In this study, we sought to measure the in vivo changes of telomere length, inflammation-related cytokine and anti-CMV antibody titer with age and to determine the trajectory of these age-associated immune changes and their inter-relationship using longitudinal analysis over an average of 13 years. Specifically, we assessed the individual longitudinal trajectories of PBMC telomere length, eight pro-inflammatory cytokines, and anti-CMV IgG titer in 456 subjects. Strikingly, aging-associated changes in these variables occur with a distinct trajectory in each individual. Thus, immune aging is a heterogeneous process across individuals, and an assessment of immunosenescence requires a combinatorial evaluation of multiple age-associated biomarkers.
Materials and Methods
Study Design and Participants
We performed a longitudinal study of 465 Baltimore Longitudinal Study on Aging (BLSA) participants at first visit and an average of 13 years follow-up (ranging from 7 to 18 years) under an IRB-approved protocol. Demographic characterization of these participants is summarized in Table S1 in Supplementary Material. At each visit, fasting blood was collected. Sera were isolated from blood stored in a −80°C freezer, and genomic DNA was isolated from PBMCs using the Qiagen kit (QIAamp DNA mini Kit) and stored at −80°C.

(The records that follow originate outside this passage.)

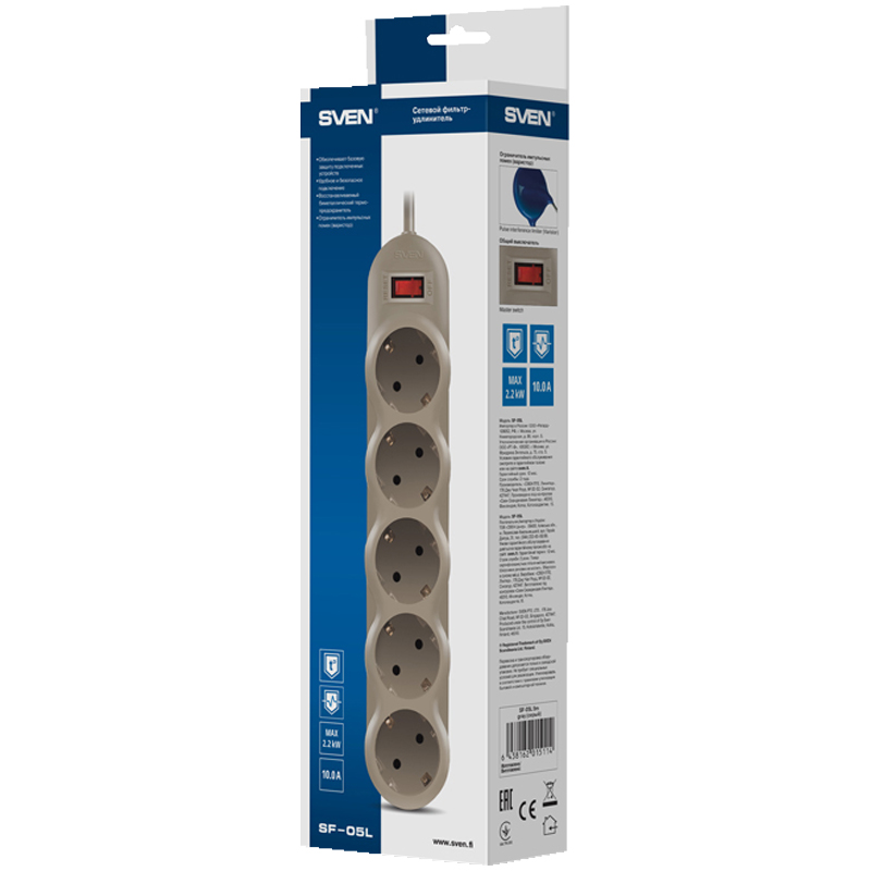 Сетевой фильтр SVEN – оптимальное решение для обустройства рабочего места дома или в офисе. Модель имеет выключатель со световой индикацией рабочего состояния. Она оснащена варистором и имеет восстанавливаемый биметаллический предохранитель. С сетевым фильтром от SVEN ваша техника будет под надежной защитой.<br/><br/>SVEN SF-05L выпускается в разных модификациях. У этой модели есть три варианта длины провода – 1.8, 3 и 5 метров. <br/><br/>Модель приятно держать в руках – продуманная конструкция, хорошая сборка, качественная картонная упаковка – все детали продукта проработаны до мелочей. При этом цена способна приятно удивить.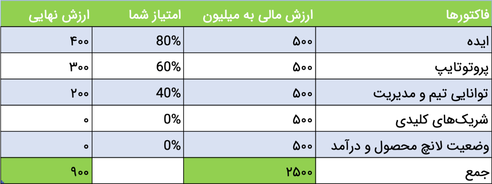 ۵ فاکتور که ارزش نهایی هر کدام ۵۰۰ میلیون تومان است. در این صورت جمع سقف این ارزشها عدد ۲.۵ میلیارد تومان را به دست میدهد. منتاها مسئله اینجاست که معدل کل استارتاپ ما ۲۰ نیست و در هر فاکتور باید امتیازی را از ۰ تا ۱۰۰ درصد به خود اختصاص دهیم. براساس ارزیابیها، برای هر معیار امتيازى به استارتاپ تعلق میگیرد که در سقف ارزش هر معیار ضرب میشود. نهایتا اگرچه بیشینهی ارزش استارتاپ ۲.۵ میلیارد تومان بوده ولی استارتاپ ما براساس ارزیابی ۹۰۰ میلیون تومان ارزشگذاری شده است.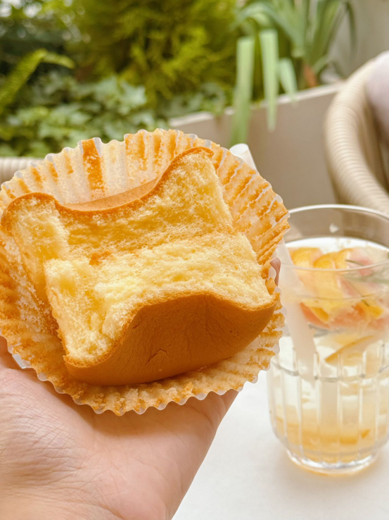 一捏,蓬松的蛋糕体软乎乎的 还没进嘴巴,奶香气就飘出来了 金黄的外圈,特别勾食欲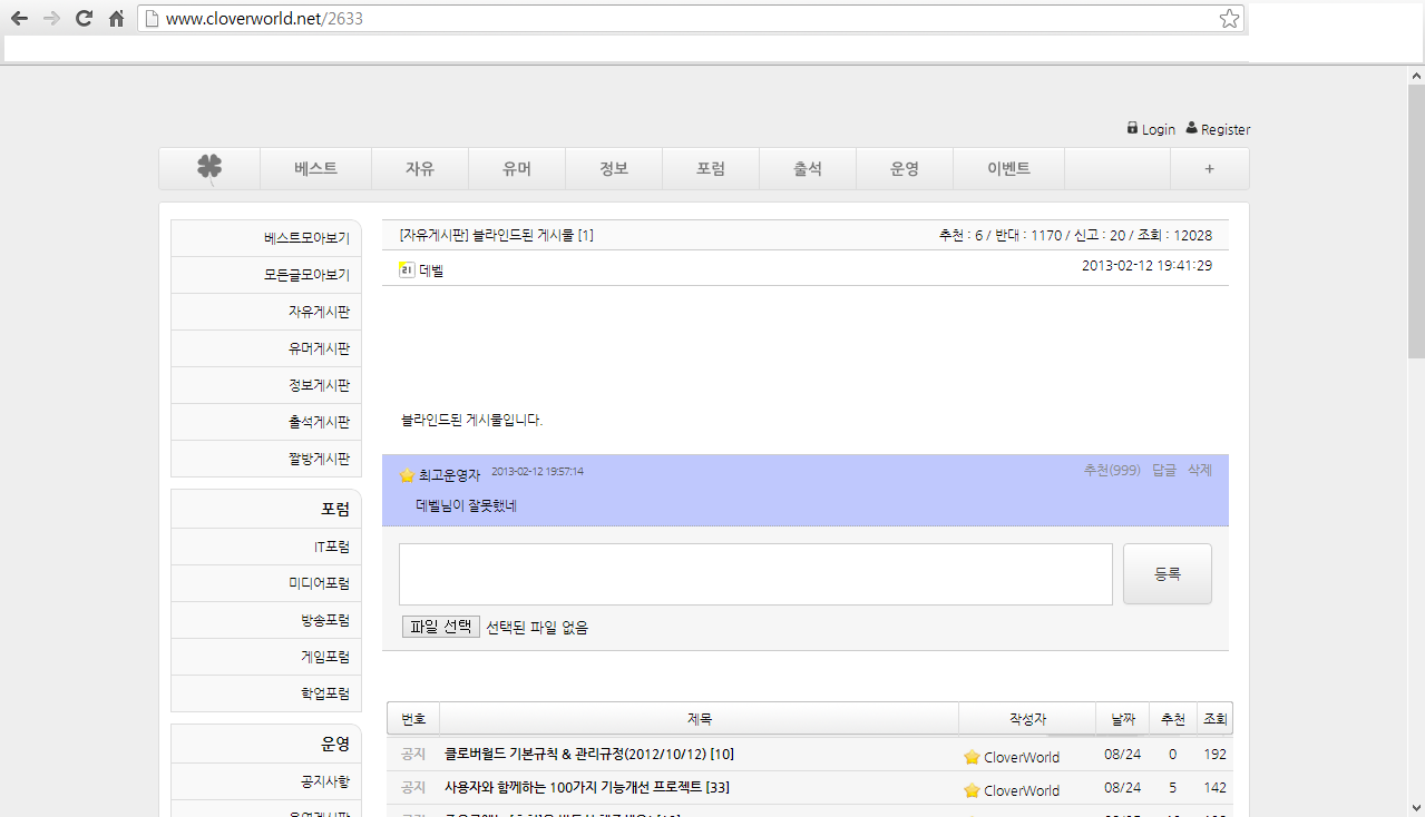CopyRight © 2009-2012 CloverWorld & Youhogeon.com. All Right Reserved.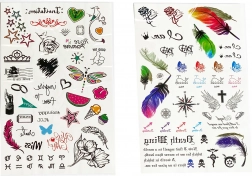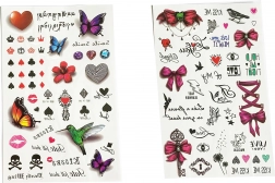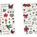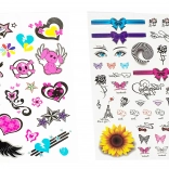 Odkrijte pisan svet začasnih tetovaž za deklice. Na vsakem listu najdete desetine prikupnih motivov v različnih velikostih – od metuljčkov in rož do srčkov, pentljic in zvezdic. Zaradi preprostega postopka jih lahko nanesejo tudi otroci pod nadzorom odraslih. Tetovaže so idealne za zabave, karnevale, darila v party paketkih in kot kreativni okras za vikend.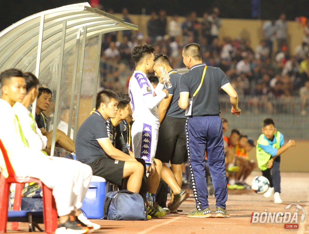 Sau khi bị dẫn bàn với bàn thắng do công Thanh Trung, HLV Chu Đình Nghiêm lập tức tung Quang Hải vào sân để thay cho Thành Lương, Oseni thay Đức Huy. Qua đó, Hải "con" cùng Hùng Dũng tạo thành bộ đôi để quán xuyến tuyến giữa đội bóng Thủ Đô.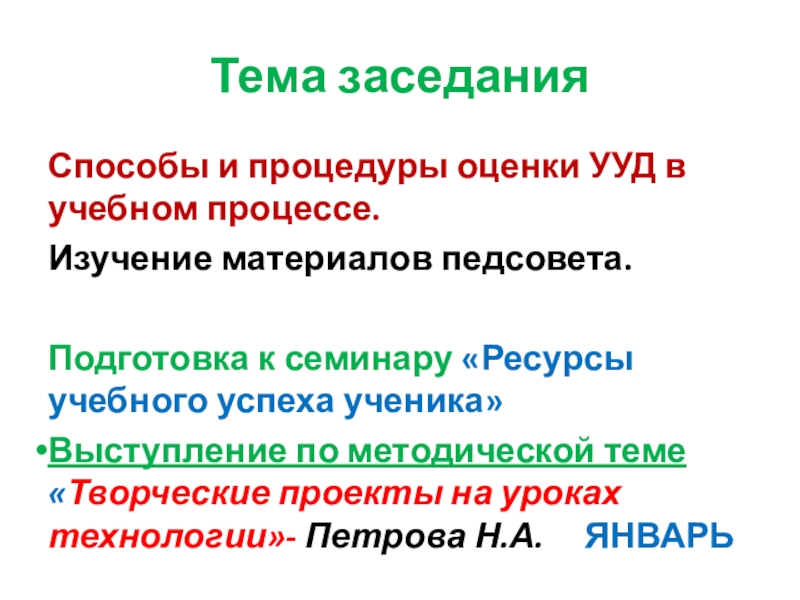 Выступление по методической теме «Творческие проекты на уроках технологии»- Петрова Н.А. ЯНВАРЬ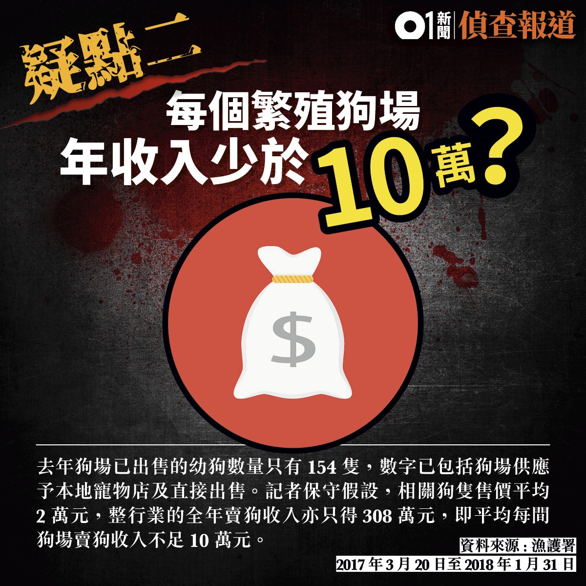 其次,狗場同期已出售的幼狗數量只有154隻,數字已包括狗場供應予本地寵物店及直接出售。記者保守假設,相關狗隻售價平均2萬元,整行業的全年賣狗收入亦只得308萬元;以現時全港31間持牌繁殖狗場計算,即平均每間狗場賣狗收入不足10萬元。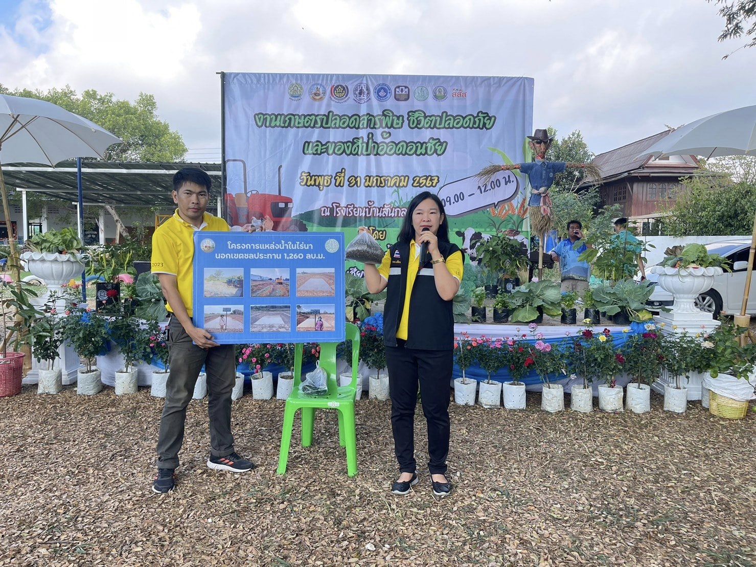 วันพุธที่ 31 มกราคม พ.ศ. 2567 เวลา 09.00 น. นายปริญญานนท์ ทองคำ ผู้อำนวยการสถานีพัฒนาที่ดินเชียงราย มอบหมายให้ นางสาวบุษบา อนุจรพันธ์ นักวิชาการเกษตรชำนาญการ พร้อมด้วยเจ้าหน้าที่ หน่วยวิชาการพัฒนาที่ดินที่ 6 ร่วมกิจกรรมงานเกษตรปลอดสารพิษ ชีวิตปลอดภัย และของดีป่าอ้อดอนชัย ณ โรงเรียนบ้านสันกลาง หมู่ 13 ตำบลป่าอ้อดอนชัย อำเภอเมืองเชียงราย จังหวัดเชียงราย เพื่อยกระดับคุณภาพชีวิตของประชาชน เพื่อให้เกิดการใช้ทรัพยากรอย่างคุ้มค่า สร้างรายได้ สร้างความมั่นคงของชุมชน และสร้างกลไกลให้เกิดกระบวนการขับเคลื่อนระบบเกษตรกรรมเพื่ออาหารปลอดภัย (ต้นน้ำ กลางน้ำ ปลายน้ำ) ตั้งแต่ขบวนการผลิตโดยเกษตรกรไปจนถึงการจำหน่าย (การตลาด) สู่ผู้บริโภค โดยมีนายสุรฬ์พลฎ์ ดุรงคชยานุรักษ์ นายกเทศมนตรีตำบลป่าอ้อดอนชัย เป็นประธานกล่าวเปิดงาน ในส่วนของสถานีพัฒนาที่ดินเชียงราย ได้จัดกิจกรรมฐานเรียนรู้การถ่ายทอดองค์ความรู้ด้านการพัฒนาที่ดิน และมอบปัจจัยการผลิตสารเร่งซุปเปอร์ พด. น้ำหมักชีวภาพ ให้แก่เกษตรกรและเจ้าหน้าที่ที่เข้าร่วมกิจกรรม จำนวน 150 ราย เพื่อนำไปใช้ประโยชน์ในพื้นที่แปลงเกษตรกรต่อไป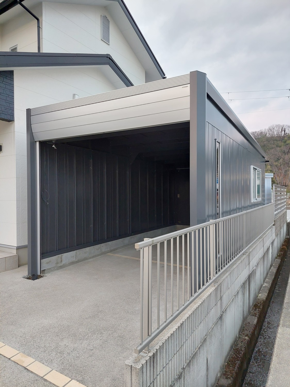 奥のあった既存の物置を撤去しまして、そこにガレージを設置しました。

Measurement of Telomere Length of PBMCs
The procedure for telomere length measurement by the terminal restriction fragment using Southern blot was previously described (32). DNA from Jurkat cells was loaded on every gel and used for normalization. The coefficient of variation of telomere length of Jurkat cells measured at different times was 10.6% (n = 146). The rates of telomere length change were calculated as (difference in telomere length between measurements) divided by (time between measurements) between samples.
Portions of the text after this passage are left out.